↓

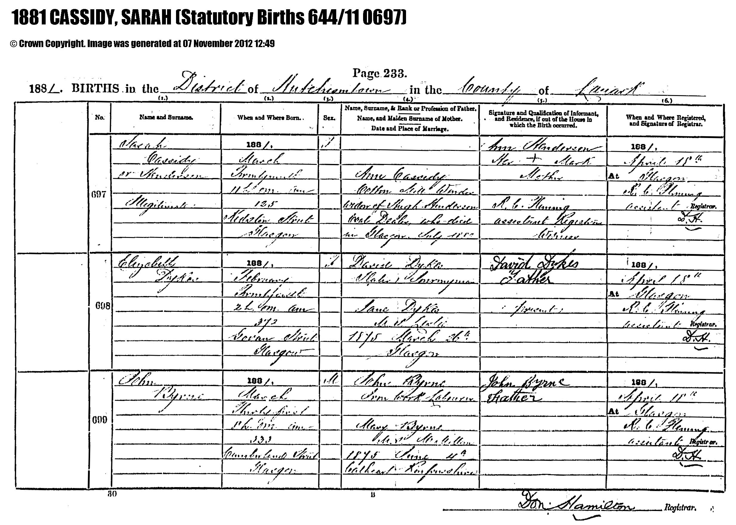 I SSBR source_N025.jpg Birth Birth of Sarah Cassidy 29 March 1881 19 3 1881
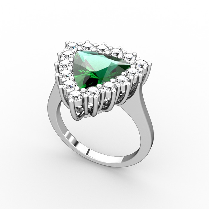 Yeşil kuvars ve pırlanta 18 ayar beyaz altın yüzük (0.9 karat)
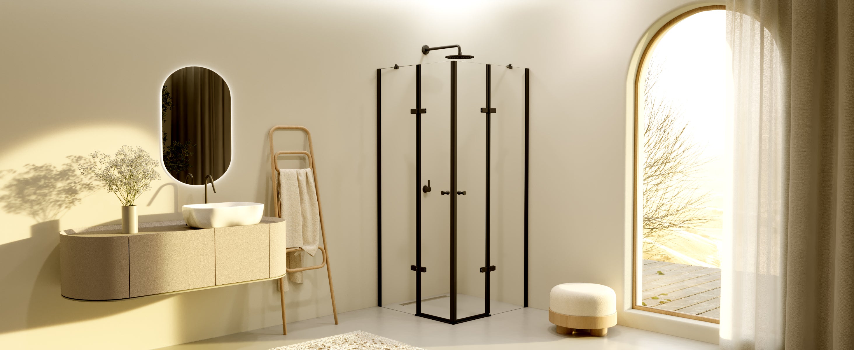 Apresenta vidro transparente ESG com 8mm de espessura e elegantes perfis pretos. Com 200cm de altura, cria uma sensação de espaço, enquanto o nano-revestimento facilita a limpeza. O seu design sem moldura exala um estilo moderno e minimalista, perfeito para soluções de casa de banho elegantes e abertas.
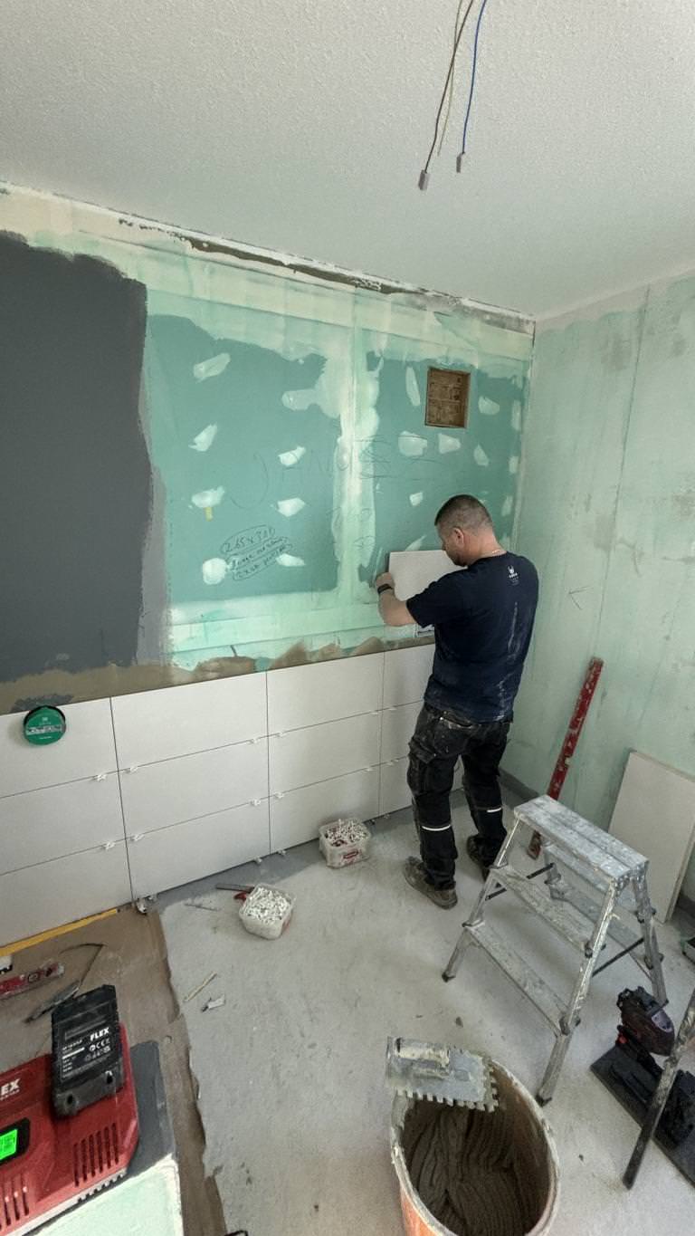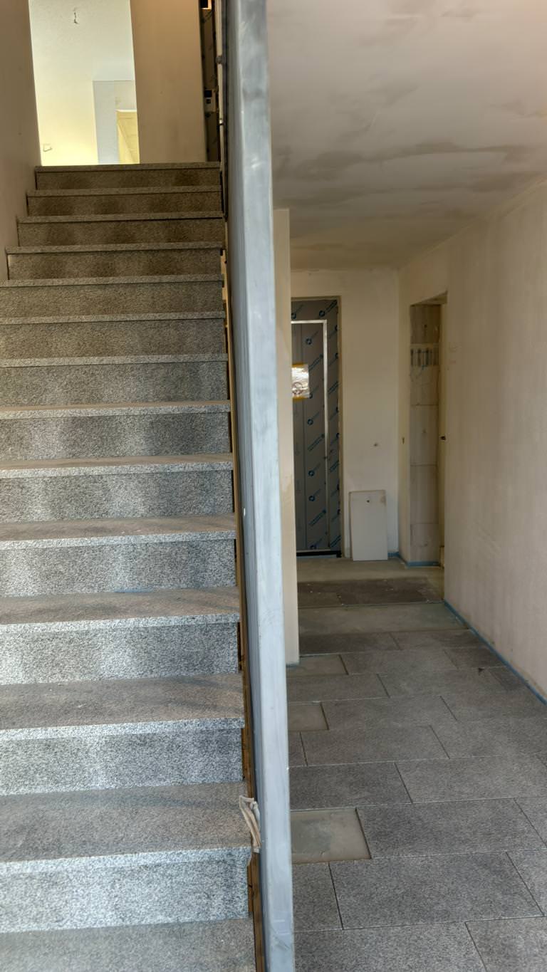 Die Ausbauarbeiten sind in vollem Gange. Die Fliesenarbeiten gehen so langsam aber sicher dem Ende zu. Die Maler sind auch schon sehr weit gekommen. Und der Treppenhausbelag ist fertig.
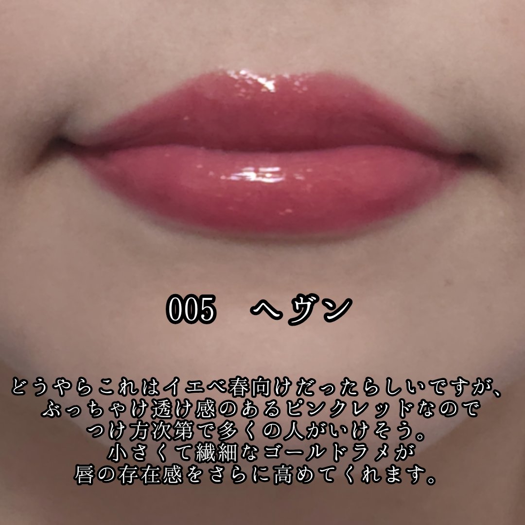 - うるんだツヤで、ぷっくり*唇 クリアな発色で、うるおい色づく口元に 1.輝きあふれるようなツヤ 輝きがあふれるような、濃密なツヤ感がつづく 2. 立体的な、ぷっくり感* うるおいツヤやかで立体的な、ぷっくり感*のある唇を演出。 3.シアーでクリアな発色 透け感があり、重ねることで、より鮮やかな発色に 4.うるおい感で、唇をなめらかに とろけるように密着して、ぷっくり*とした滑らかな唇に。 *乳酸メチル(整肌成分)の冷感、保湿成分(ツバキ種子油、ヒマワリ種子油、アーモンド油、マカデミア種子油、ヒマシ油)によるメイクアップ効果
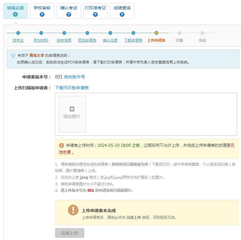 (三)请考生务必于2024年5月10日下午17:00前完成上述报名流程。凡是材料不全、未按要求上传、系统未最终提交的视为放弃报名资格。
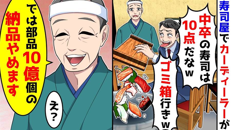 高級寿司屋でカーディーラーが中卒の寿司は10点だとゴミ箱に捨てた。すると大将が部品10億個の納品やめると言い始め
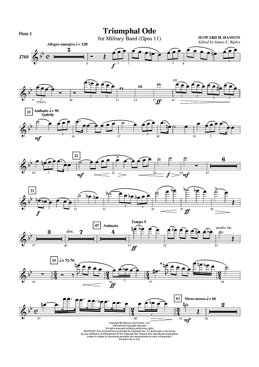 "Triumphal Ode - Flute 1" Sheet Music by Howard Hanson
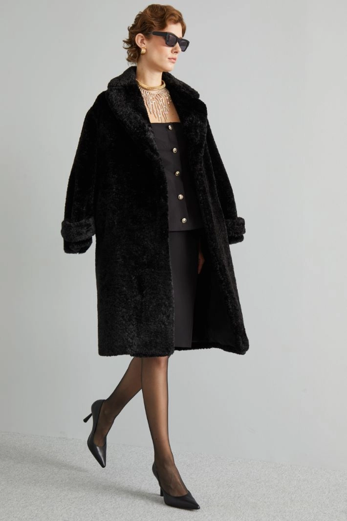 Long straight-cut coat in fur-effect jersey, with lapel collar, long sleeves with strap at the hem and welt pockets. Single-breasted fastening with press studs and coordinated belt. Lined.
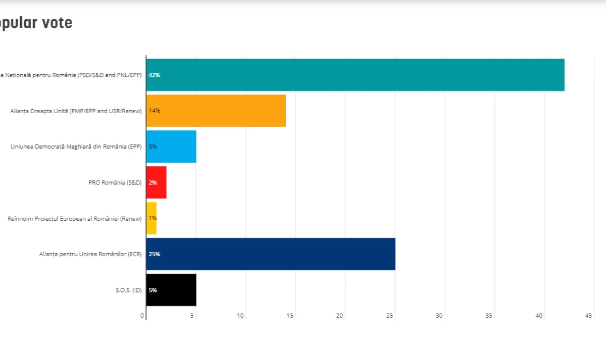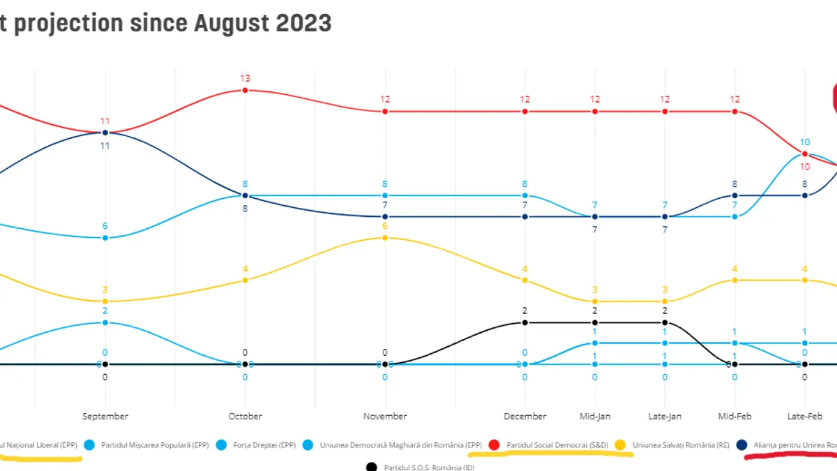 Între timp, popularitatea marii coaliții formate din Partidul Social Democrat (PSD/S&D) și Partidul Național Liberal de centru-dreapta (PNL/PPE) a continuat să scadă în urma scandalurilor de corupție. Se preconizează că PSD va coborî pe locul al doilea, cu nouă locuri, urmat de PNL cu opt”, explică Euractiv.
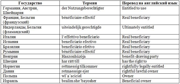 Итак, общепринятое внутреннее значение термина beneficial owner нельзя назвать определенным. Существует и дополнительная проблема: несоответствие международной языковой терминологии. Переводы термина с английского на другие языки государств, заключающих налоговые соглашения, не всегда в точности передают даже общепринятый смысл этих слов. Ниже приводится таблица терминов, обозначающих эквивалент англоязычного термина beneficial owner на языке этих государств, используемые в текстах налоговых соглашений, с одновременным дословным обратным переводом на английский язык[1612].
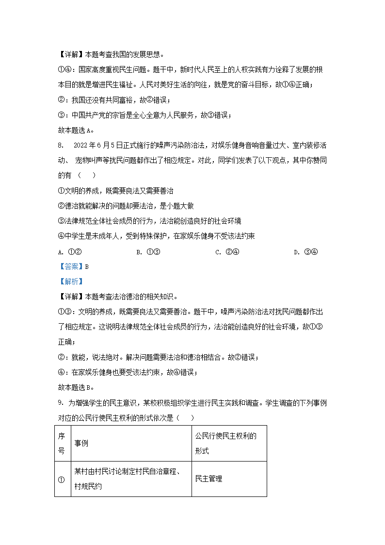 2022-2023学年北京密云区初三第一学期道德与法治期末试卷及答案(Word版)08-02
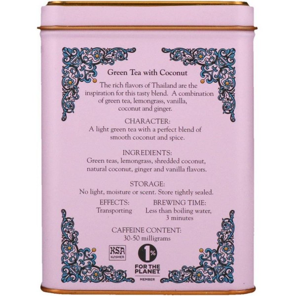 Зелений чай ретельно змішується з лимонною травою, подрібненим кокосовим горіхом, натуральним кокосовим горіхом, ванільним і імбирним смаком.
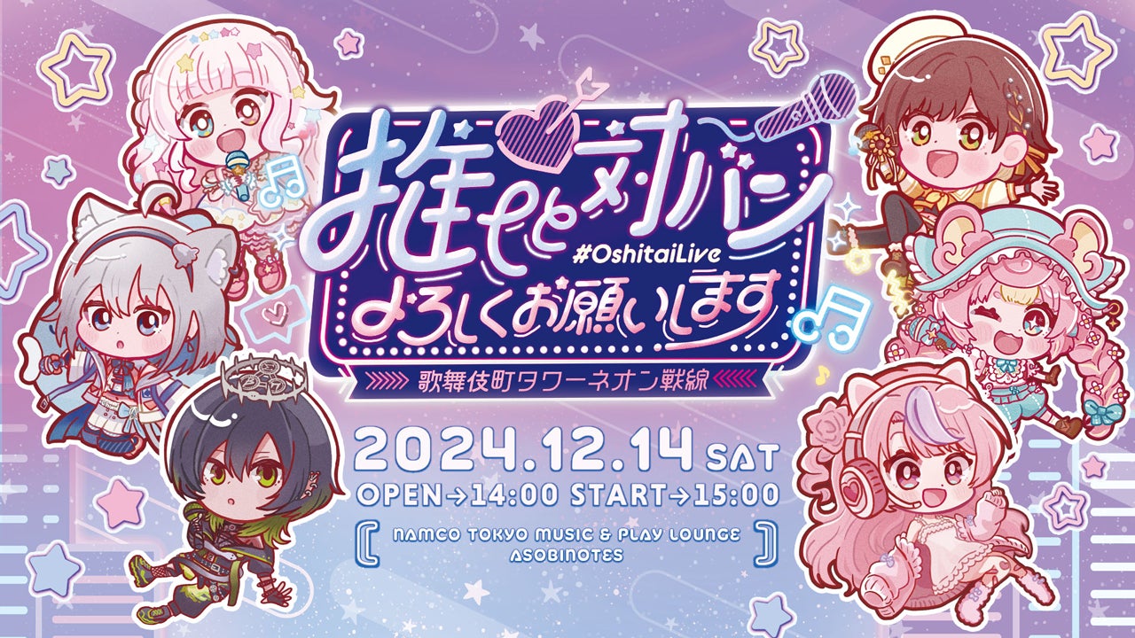 バーチャルタレント専用配信プラットフォーム「V-TIPS」は、VTuber事務所「ななはぴ」が主催するイベント「推しと対バンよろしくお願いします〜歌舞伎町タワー ネオン戦線〜」のオンライン配信を、2024年12月14日(土)14時から行います。本イベントは、人気VSingerたちが新宿のランドマーク・歌舞伎町タワーに集結し、会場のnamco TOKYO(ナムコトーキョー)からお送りする音楽ライブです。
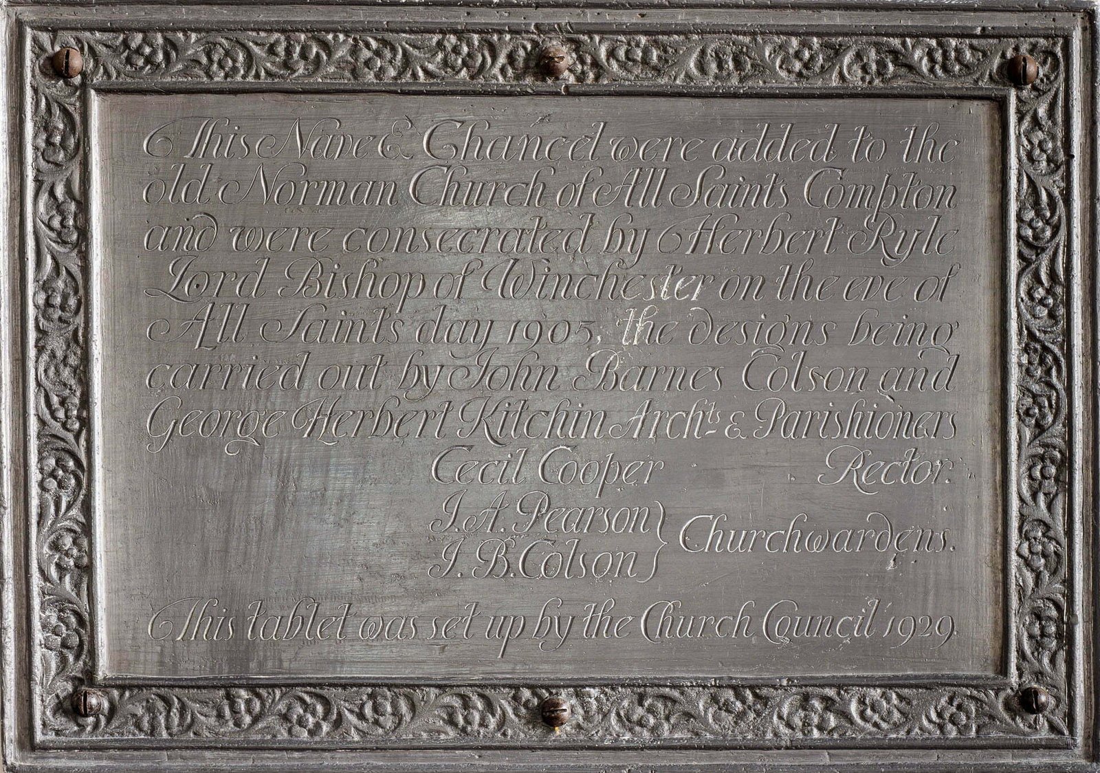 - Pewter plaque commemorating the consecration of the 1905 extension to All Saints Compton.
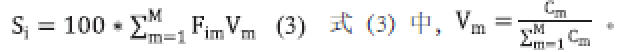 在计算各主成分得分的基础上,计算各新能源上市车企的综合评价得分。因为各个主成分的方差贡献率不同,各个主成分的得分计入综合评价分的权重有所不同,以各个主成分的方差贡献率为分子、以所有主成分的方差贡献率之和为分母,记为每一个主成分权重,计算综合评价得分,为了直观和容易比较,把得分稍作转换。不妨令Ck 为第k 个主成分的方差贡献率,Vk 为第k 个主成分的加权方差贡献率,Si 为第i 个企业综合得分,如下式
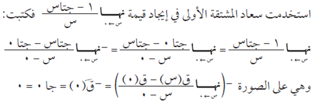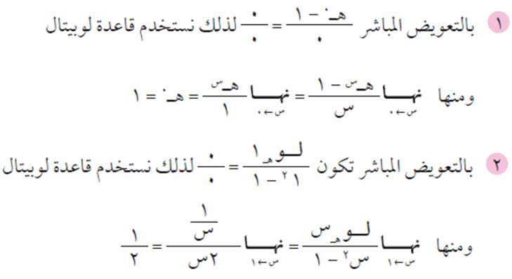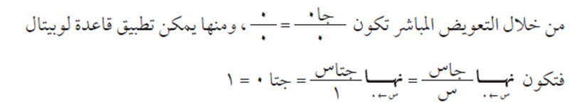 بما أنه بالتعويض المباشر تنتج القيمة ضفر/صفر، إذن نقوم بتطبيق قاعدة لوبيتال:

↑

■ Exercise ■
Repeat the listing above up to and including the line with "Apresenta vidro transparente", starting from its first line. Drop any pictures.

■ Task response ■
 I SSBR source_N025.jpg Birth Birth of Sarah Cassidy 29 March 1881 19 3 1881
 Yeşil kuvars ve pırlanta 18 ayar beyaz altın yüzük (0.9 karat)
 Apresenta vidro transparente ESG com 8mm de espessura e elegantes perfis pretos. Com 200cm de altura, cria uma sensação de espaço, enquanto o nano-revestimento facilita a limpeza. O seu design sem moldura exala um estilo moderno e minimalista, perfeito para soluções de casa de banho elegantes e abertas.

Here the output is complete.